It’s been an interesting week of almost damaging my computer, lots of crashing, and yes failure at times. I had an idea of what I wanted my outdoor level to look like. Along with the function it would play in my game. There were a number of approaches I could have gone with and what I went with for me is not working out as I was hoping.
While it feels like a large amount of time was wasted this week. The truth is it was a learning experience. Much like what I’m doing overall it was another week of me just jumping into the deep end of the swimming pool and hoping I could swim. This time I sank a number of times. It was not a total failure, but, I am considering scrapping most of what was done this week.
There were a couple of different ways I could have made an outdoor level. I could have just using the tools in Unreal Engine and created a landscape for my outdoor area and the town I wanted this level to be based around. That, however, can take quite a long time. After a quick attempt, I was concerned I would not be able to get a decent lake and mountain in the background doing it with a mouse.
The next option was taking a look at real-world data points. There are a number of scientific and government-funded projects that collected topography data. They then publish this data in databases that people can across who are carrying out all sorts of things with that data. From creating a zone such as my interest in a video game to carrying out environmental studies. There is quite a wide range such data can be used for.

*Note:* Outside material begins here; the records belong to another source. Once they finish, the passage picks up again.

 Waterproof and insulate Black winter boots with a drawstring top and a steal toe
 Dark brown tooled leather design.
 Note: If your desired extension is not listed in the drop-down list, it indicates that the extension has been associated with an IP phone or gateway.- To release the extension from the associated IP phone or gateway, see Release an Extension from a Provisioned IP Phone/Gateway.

My other option was to try and use a map generation program. One, in particular, was recommended to me by a couple of people who have heard about them but have not used it themselves. I myself have also heard about a couple. My biggest fear was having to invest a lot of time into learning yet another program and then getting it into my own game.
All of these options are going to be a lot of learning and work either way. It’s also tempting to build out a couple of different levels using each method. Then pick which one I feel meets my needs without causing more trouble than it’s worth.
Real World Data
I ended up going with using real-world data points and converting that into a useable map that I could than important into Unreal Engine 4. My hope was to take a large area that had a bunch of different features that I was looking for and hopefully find a site to sculpt into my needs making it my own.

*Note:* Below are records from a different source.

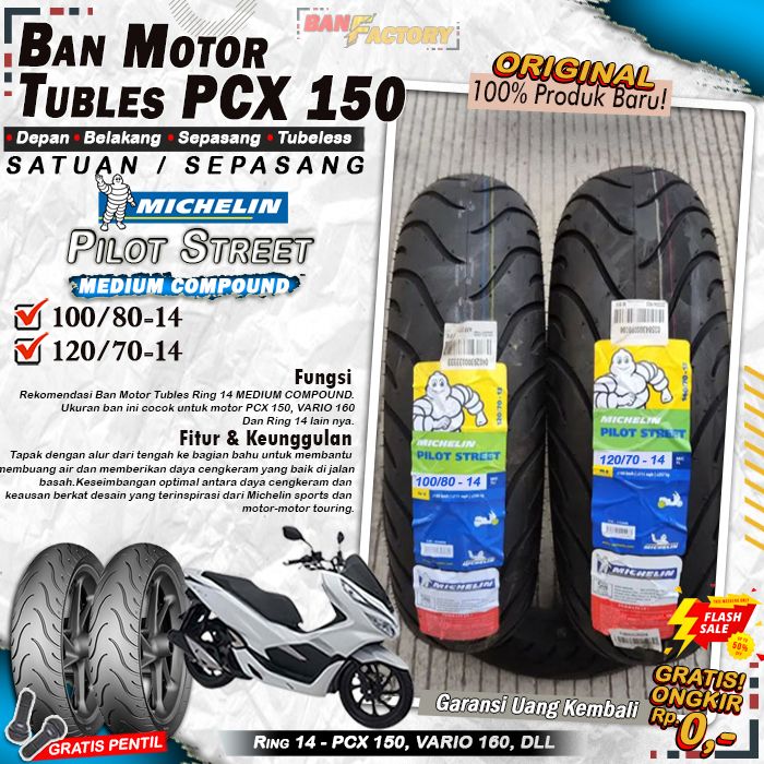 Sepasang Ban Motor Tubles PCX 150 VARIO 160 Michelin Pilot Street Ring 14 Ban Motor Tubeless Depan Belakang PCX Ring 14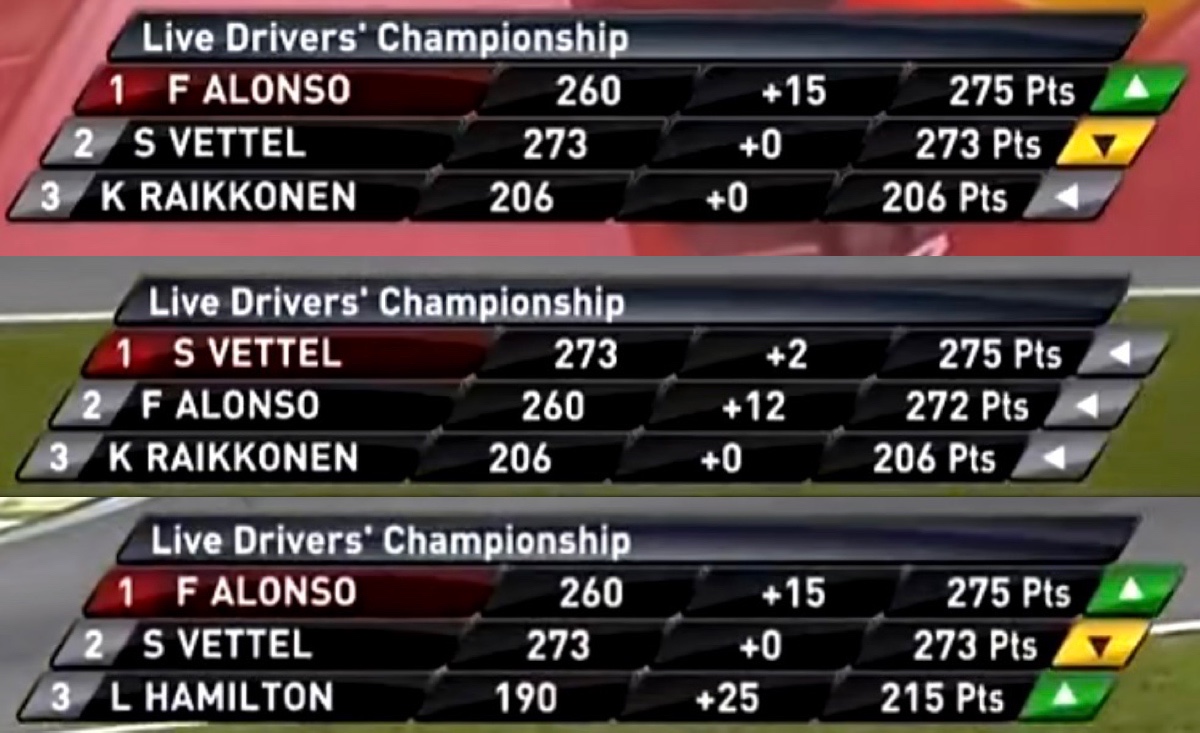 多事的转播方更是一次次更新两人积分变化。红牛和法拉利车队的员工,以及所有观众的心情,就像这些箭头一样忽上忽下。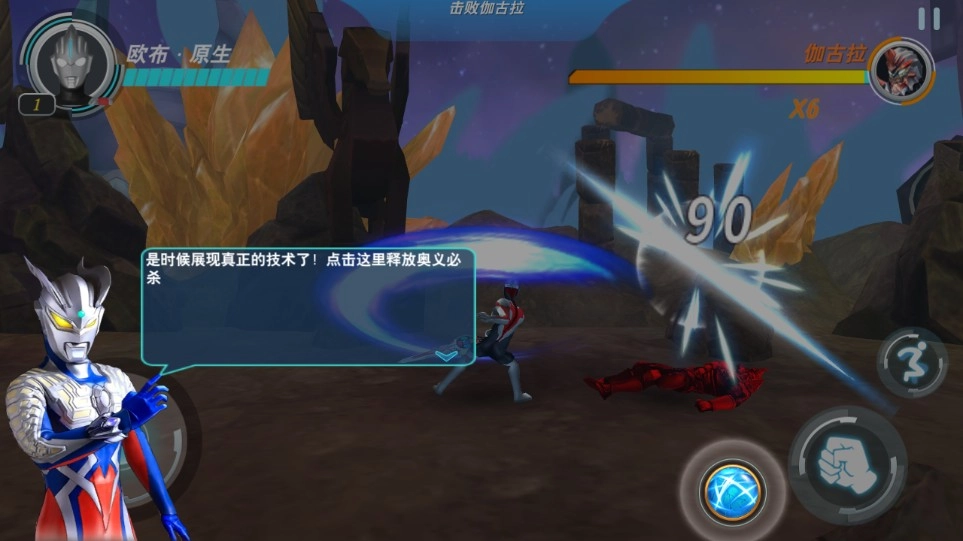 5、每位奥特曼都拥有专属的必杀技,点击即可触发。

While it would sound like it is quite an involved process and it somewhat was. There are a number of sites like Opentopography that not only collect their own topography data but are funded for doing so from places like the National Science Foundation. They themselves also host other collections of data to be made publicly available with certain conditions for use.
After selecting a region and looking into some other use cases I sent a request for data. They were kind enough to provide it in only a minute or two for download. From there I needed to convert it into something useable that Unreal Engine itself could use.

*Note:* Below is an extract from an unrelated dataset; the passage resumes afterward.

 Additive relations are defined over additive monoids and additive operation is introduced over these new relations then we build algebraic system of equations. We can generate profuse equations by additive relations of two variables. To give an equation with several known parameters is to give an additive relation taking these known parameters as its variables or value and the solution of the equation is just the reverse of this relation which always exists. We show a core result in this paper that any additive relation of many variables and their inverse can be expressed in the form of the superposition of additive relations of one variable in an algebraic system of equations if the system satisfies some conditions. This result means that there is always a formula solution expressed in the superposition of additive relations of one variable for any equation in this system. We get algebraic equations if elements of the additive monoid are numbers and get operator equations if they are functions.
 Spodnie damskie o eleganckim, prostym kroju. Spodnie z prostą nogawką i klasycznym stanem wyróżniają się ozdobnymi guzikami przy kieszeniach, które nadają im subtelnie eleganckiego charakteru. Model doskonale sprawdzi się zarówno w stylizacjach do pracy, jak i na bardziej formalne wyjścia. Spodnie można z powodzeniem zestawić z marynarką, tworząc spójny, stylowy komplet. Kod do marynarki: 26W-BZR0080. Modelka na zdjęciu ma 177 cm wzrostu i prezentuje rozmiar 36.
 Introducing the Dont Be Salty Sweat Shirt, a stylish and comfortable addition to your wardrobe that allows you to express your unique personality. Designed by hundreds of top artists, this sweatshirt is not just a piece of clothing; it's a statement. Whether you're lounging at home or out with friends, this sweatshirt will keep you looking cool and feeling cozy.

There are a number of programs out there that are made for converting such kinds of data. I ended up going with L3DT which grants the user both a private and a for-profit license for using the final result of what their software does.
The most intimidating thing about using L3DT was the fact the activation key was over 350 characters long. Yes, you read that correctly. 350 characters long to use the version of the software I ended up needing for the massive data set I had on my hands.
After that, I more or less just made a greyscale image to overlap with it that was black. The program would convert the black values into zero which would fill in any holes in the data and serve as the bottom layer.
They even had an option for saving the data in an Unreal Engine 4 format. It could not have gotten much easier than that. It was also rather easy to import it into the game engine itself. I was quite shocked at how quickly I suddenly had this massive landscape to explore and use.
The only issue was I had way too much of an area than I needed. I knew that going into it. I was hoping I could just lasso the section I wanted and cut it out into a separate map. From my understanding, I can’t just do that in Unreal Engine at least not without buying third-party tools.
The good news is this massive map I had was broken down into 12 separate chunks. This thing was so huge a player could spend a week(s) walking around in it. I’m sure an entire game could be made out of this map alone.
Working On The Map
Even better news there were some amazing mountains right at the edge of one of these chunks of land with an area I could shape to hold the town I wanted to build. The next chunk of land before it was a decent-sized lake with dozens of other lakes behind it. I thought I had found the perfect place.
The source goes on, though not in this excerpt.